WHAT YOU ARE ASKED TO DO:
The full listing, word for word and free of images, is the expected result.

EXTRACTED MATERIAL:
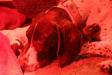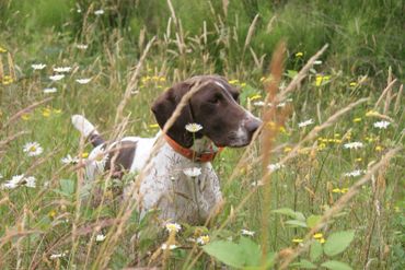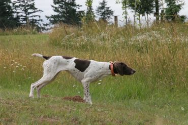 Vida was a sweet housedog and a smart, stylish, cooperative bird dog with high desire, strong prey drive, and excellent conformation. Like most Sharp Shooter's dogs, Vida was pointing, retrieving, backing, and swimming at an early age. She had equal love for searching the field and lying by a warm fire.
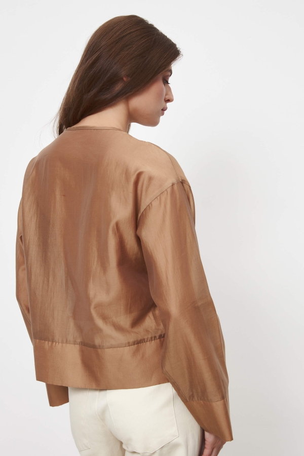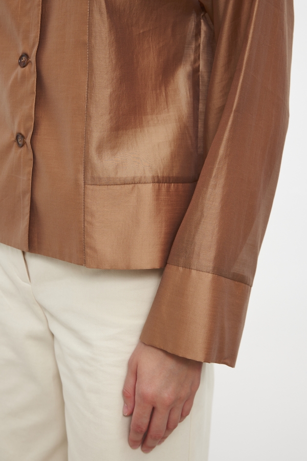 Элегантная блуза из вискозной органзы. Модель свободного силуэта. Спущенная линия плеча. Круглый вырез горловины. Длинный, слегка расклешенный рукав. Застежка на пуговицы.
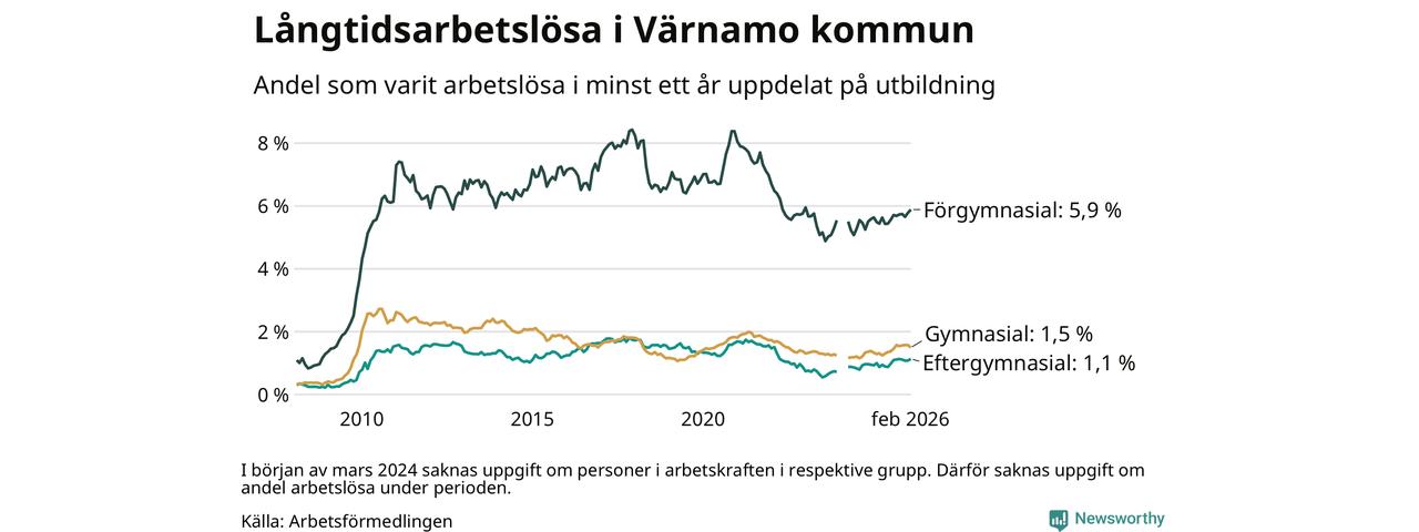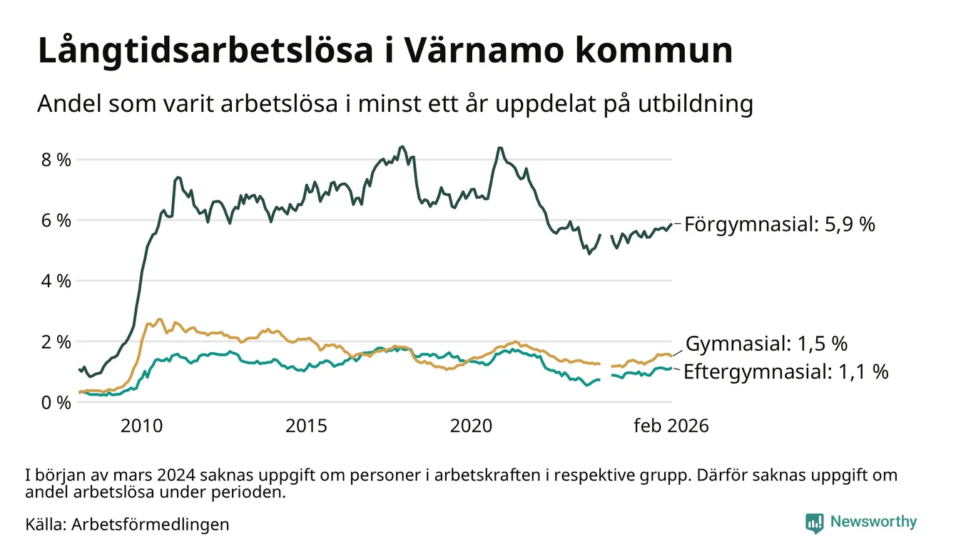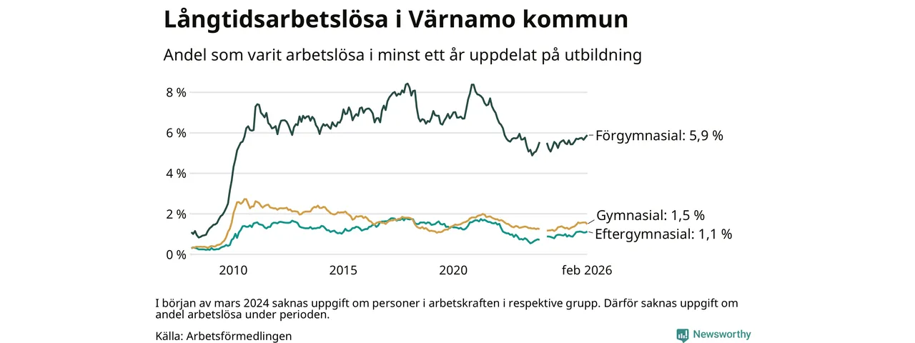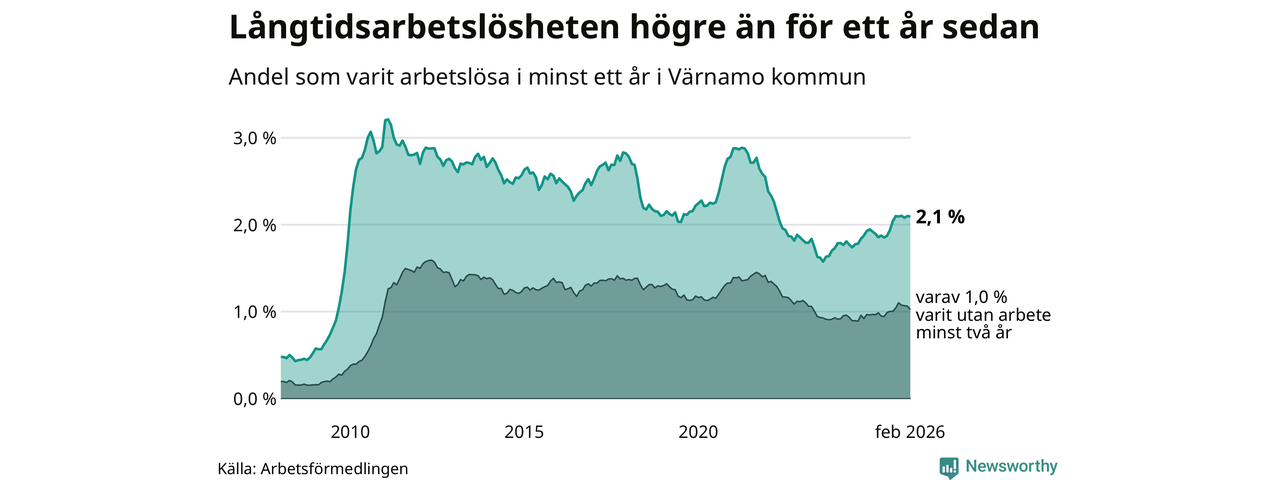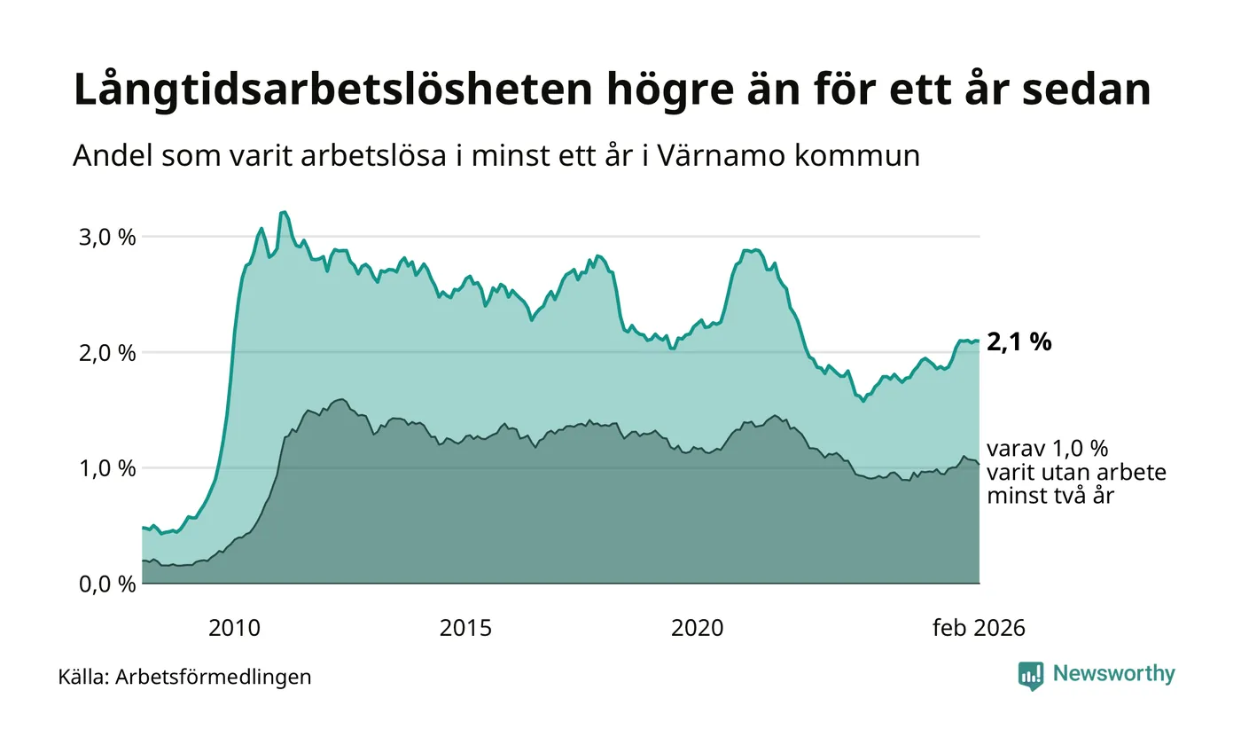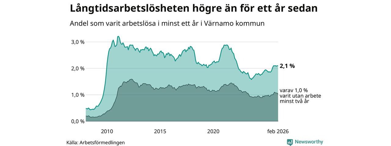 Andelen som varit utan arbete i minst ett år i Värnamo i februari var högre än för ett år sedan. Men jämfört med i januari har antalet långtidsarbetslösa minskat.
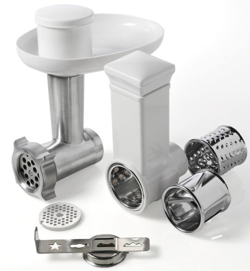 Смешивание, взбивание и вымешивание. Комплектация кухонной машины включает крюк для вымешивания теста, венчик, лопатку для смешивания и инновационную гибкую насадку. Венчик поможет в считанные минуты взбить сливки и белки в пену, крюк для теста справляется с самым тугим тестом, а лопатка используется для смешивания ингредиентов до легких, воздушных текстур, например, кремов и соусов.
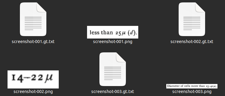 First, we need some “ground truth” data for training. These should be image snippets from our document(s), with the corresponding text attached. There are scripts to generate all possible image snippets in a page. But here we are mostly interested in the microns and other special symbols, so I decided to simply take screenshots of possibly-important text. I took 52 screenshots from a couple of the other pages in the book (you can experiment with more), and threw them into a folder. This folder must be named {language}-ground-truth/, so I named it alg-ground-truth/ (download it here to follow along). Here are a some of the screenshots:
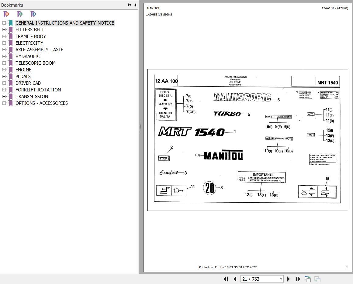 The Bookmarks Of Manitou MRT 1540 TURBO MOT 1004 4T Telescopic Handler Parts Catalog:
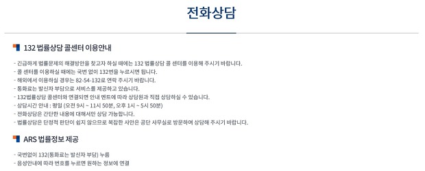 정말 필요한 분들을 위해서 이런 짓을 하면 안되겠죠? 그리고 무료로 상담받기 위해 방문을 하기엔 너무 시간적으로 부족하다면, 132 법률상담 콜센터를 이용하세요. 이용시간은 오전 9~11시50분까지 가능하고 오후시간은 1~5:50분까지 가능합니다.
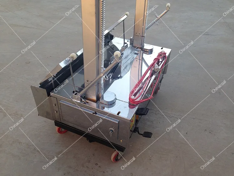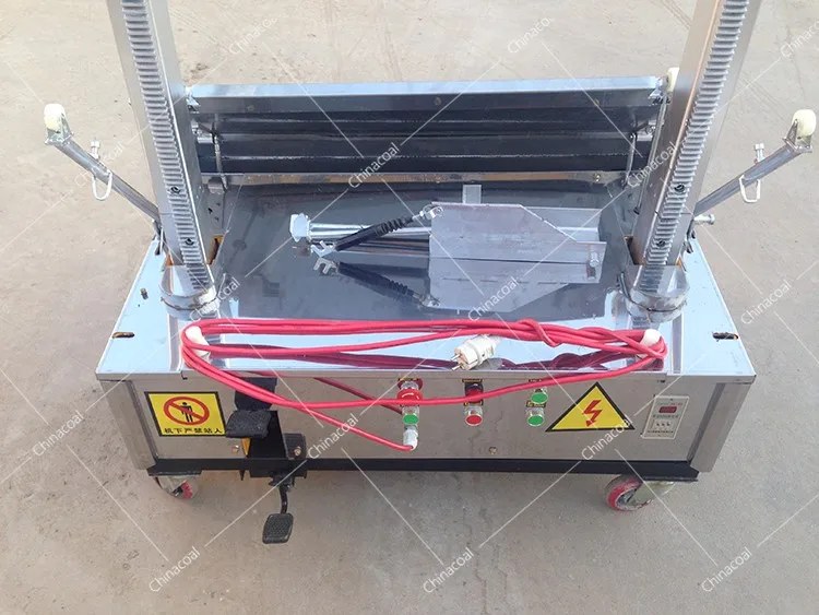 Wall Plastering Machine is also known as: Wall finishing machine. It is a machine specially designed for wall plastering. A hoist with a vertical gantry and a counter scraper frame is mounted on the upper surface of the chassis, and a hopper above the chassis and connected to the chassis is installed inside the two columns of the scraper frame. The hopper can be slidably attached to the two columns by the hoisting machine. One side of the gantry is provided with a discharge opening on the upper façade of the hopper, and a squeegee is mounted on the lower part of the discharge opening; in the hopper, along the width direction thereof Supported by a dial roller, the motor is connected to the dial by a speed reducer, and the other end of the hopper is provided with a feed port.
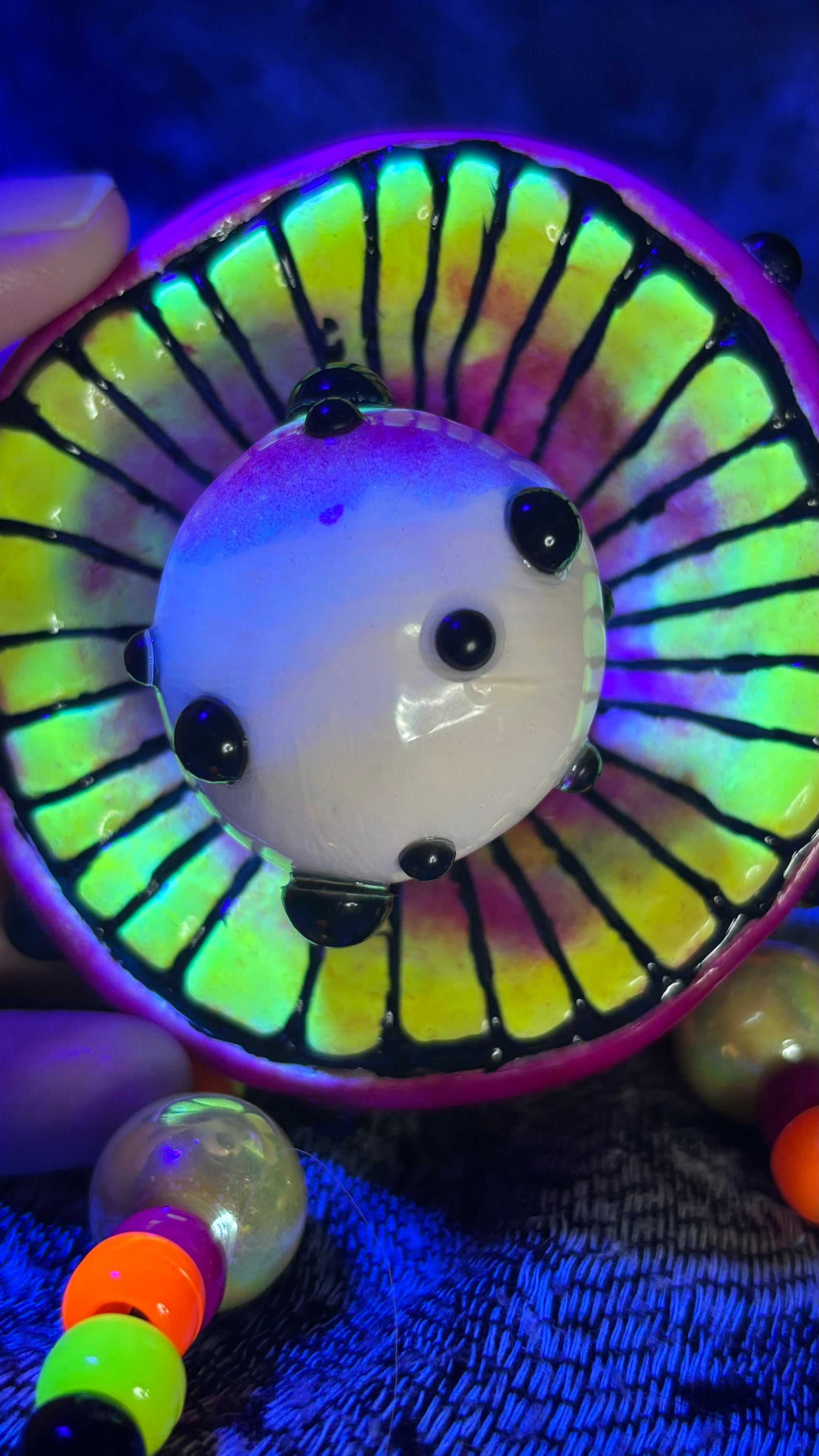 Hand sculpted out of polymer clay, painted with blacklight paints and sealed with UV Resin. The dots on this mushroom change color when warmed up, from black to yellow when warmer.

WRITTEN RESPONSE:
 Vida was a sweet housedog and a smart, stylish, cooperative bird dog with high desire, strong prey drive, and excellent conformation. Like most Sharp Shooter's dogs, Vida was pointing, retrieving, backing, and swimming at an early age. She had equal love for searching the field and lying by a warm fire.
 Элегантная блуза из вискозной органзы. Модель свободного силуэта. Спущенная линия плеча. Круглый вырез горловины. Длинный, слегка расклешенный рукав. Застежка на пуговицы.
 Andelen som varit utan arbete i minst ett år i Värnamo i februari var högre än för ett år sedan. Men jämfört med i januari har antalet långtidsarbetslösa minskat.
 Смешивание, взбивание и вымешивание. Комплектация кухонной машины включает крюк для вымешивания теста, венчик, лопатку для смешивания и инновационную гибкую насадку. Венчик поможет в считанные минуты взбить сливки и белки в пену, крюк для теста справляется с самым тугим тестом, а лопатка используется для смешивания ингредиентов до легких, воздушных текстур, например, кремов и соусов.
 First, we need some “ground truth” data for training. These should be image snippets from our document(s), with the corresponding text attached. There are scripts to generate all possible image snippets in a page. But here we are mostly interested in the microns and other special symbols, so I decided to simply take screenshots of possibly-important text. I took 52 screenshots from a couple of the other pages in the book (you can experiment with more), and threw them into a folder. This folder must be named {language}-ground-truth/, so I named it alg-ground-truth/ (download it here to follow along). Here are a some of the screenshots:
 The Bookmarks Of Manitou MRT 1540 TURBO MOT 1004 4T Telescopic Handler Parts Catalog:
 정말 필요한 분들을 위해서 이런 짓을 하면 안되겠죠? 그리고 무료로 상담받기 위해 방문을 하기엔 너무 시간적으로 부족하다면, 132 법률상담 콜센터를 이용하세요. 이용시간은 오전 9~11시50분까지 가능하고 오후시간은 1~5:50분까지 가능합니다.
 Wall Plastering Machine is also known as: Wall finishing machine. It is a machine specially designed for wall plastering. A hoist with a vertical gantry and a counter scraper frame is mounted on the upper surface of the chassis, and a hopper above the chassis and connected to the chassis is installed inside the two columns of the scraper frame. The hopper can be slidably attached to the two columns by the hoisting machine. One side of the gantry is provided with a discharge opening on the upper façade of the hopper, and a squeegee is mounted on the lower part of the discharge opening; in the hopper, along the width direction thereof Supported by a dial roller, the motor is connected to the dial by a speed reducer, and the other end of the hopper is provided with a feed port.
 Hand sculpted out of polymer clay, painted with blacklight paints and sealed with UV Resin. The dots on this mushroom change color when warmed up, from black to yellow when warmer.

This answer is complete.